Goal of the exercise:
Copy nothing but the lines below, from the one with "가을이라 그런지 밖은" through the one with "MEU HUMOR É", exactly as written; no pictures should appear.

Data for the task:
┌──

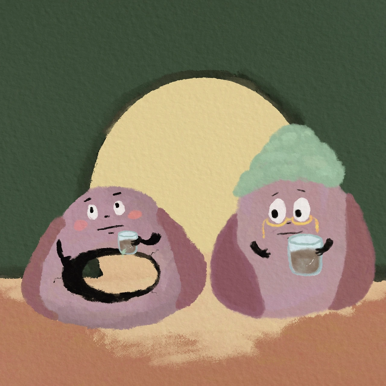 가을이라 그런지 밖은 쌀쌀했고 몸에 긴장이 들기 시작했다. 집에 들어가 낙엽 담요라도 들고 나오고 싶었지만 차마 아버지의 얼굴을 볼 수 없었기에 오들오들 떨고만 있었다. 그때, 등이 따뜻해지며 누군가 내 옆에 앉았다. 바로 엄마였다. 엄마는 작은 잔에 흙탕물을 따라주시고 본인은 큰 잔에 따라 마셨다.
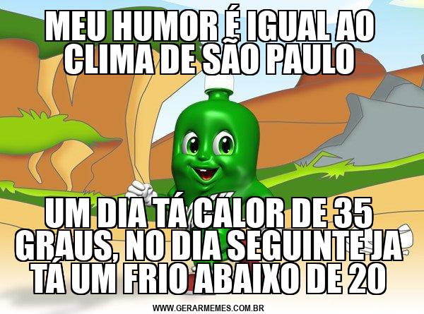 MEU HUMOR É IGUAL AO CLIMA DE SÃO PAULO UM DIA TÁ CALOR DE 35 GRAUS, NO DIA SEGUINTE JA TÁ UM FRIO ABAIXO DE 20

└──
┌──

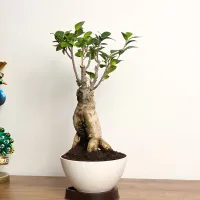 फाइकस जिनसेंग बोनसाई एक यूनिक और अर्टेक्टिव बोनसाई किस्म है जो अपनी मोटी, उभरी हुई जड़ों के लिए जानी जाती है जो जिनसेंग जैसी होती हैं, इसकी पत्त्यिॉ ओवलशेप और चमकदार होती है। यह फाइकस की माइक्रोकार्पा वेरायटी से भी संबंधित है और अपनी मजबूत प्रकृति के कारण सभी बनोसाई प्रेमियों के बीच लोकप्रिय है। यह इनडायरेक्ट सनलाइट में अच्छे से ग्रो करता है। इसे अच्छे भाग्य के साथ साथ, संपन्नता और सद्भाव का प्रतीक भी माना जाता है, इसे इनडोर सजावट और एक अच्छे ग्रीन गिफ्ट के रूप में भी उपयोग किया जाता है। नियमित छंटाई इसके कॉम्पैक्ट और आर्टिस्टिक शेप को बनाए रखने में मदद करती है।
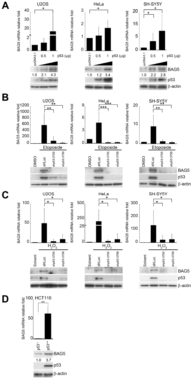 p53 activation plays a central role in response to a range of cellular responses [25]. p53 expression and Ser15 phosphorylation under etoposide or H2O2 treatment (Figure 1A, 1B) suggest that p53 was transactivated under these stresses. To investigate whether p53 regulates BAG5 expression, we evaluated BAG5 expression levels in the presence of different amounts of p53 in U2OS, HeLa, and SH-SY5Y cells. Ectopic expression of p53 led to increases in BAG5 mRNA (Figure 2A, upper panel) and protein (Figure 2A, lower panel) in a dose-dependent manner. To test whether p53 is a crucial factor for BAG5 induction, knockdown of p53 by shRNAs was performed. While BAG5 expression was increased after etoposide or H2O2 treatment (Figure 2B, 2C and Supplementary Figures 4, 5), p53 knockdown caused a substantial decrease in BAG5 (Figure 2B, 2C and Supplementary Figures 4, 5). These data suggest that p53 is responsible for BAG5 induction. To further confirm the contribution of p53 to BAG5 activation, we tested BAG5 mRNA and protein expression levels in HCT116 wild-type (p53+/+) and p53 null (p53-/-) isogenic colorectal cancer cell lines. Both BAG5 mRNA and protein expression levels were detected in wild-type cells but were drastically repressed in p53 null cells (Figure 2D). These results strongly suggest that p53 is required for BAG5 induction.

└──

Result of the exercise:
 가을이라 그런지 밖은 쌀쌀했고 몸에 긴장이 들기 시작했다. 집에 들어가 낙엽 담요라도 들고 나오고 싶었지만 차마 아버지의 얼굴을 볼 수 없었기에 오들오들 떨고만 있었다. 그때, 등이 따뜻해지며 누군가 내 옆에 앉았다. 바로 엄마였다. 엄마는 작은 잔에 흙탕물을 따라주시고 본인은 큰 잔에 따라 마셨다.
 MEU HUMOR É IGUAL AO CLIMA DE SÃO PAULO UM DIA TÁ CALOR DE 35 GRAUS, NO DIA SEGUINTE JA TÁ UM FRIO ABAIXO DE 20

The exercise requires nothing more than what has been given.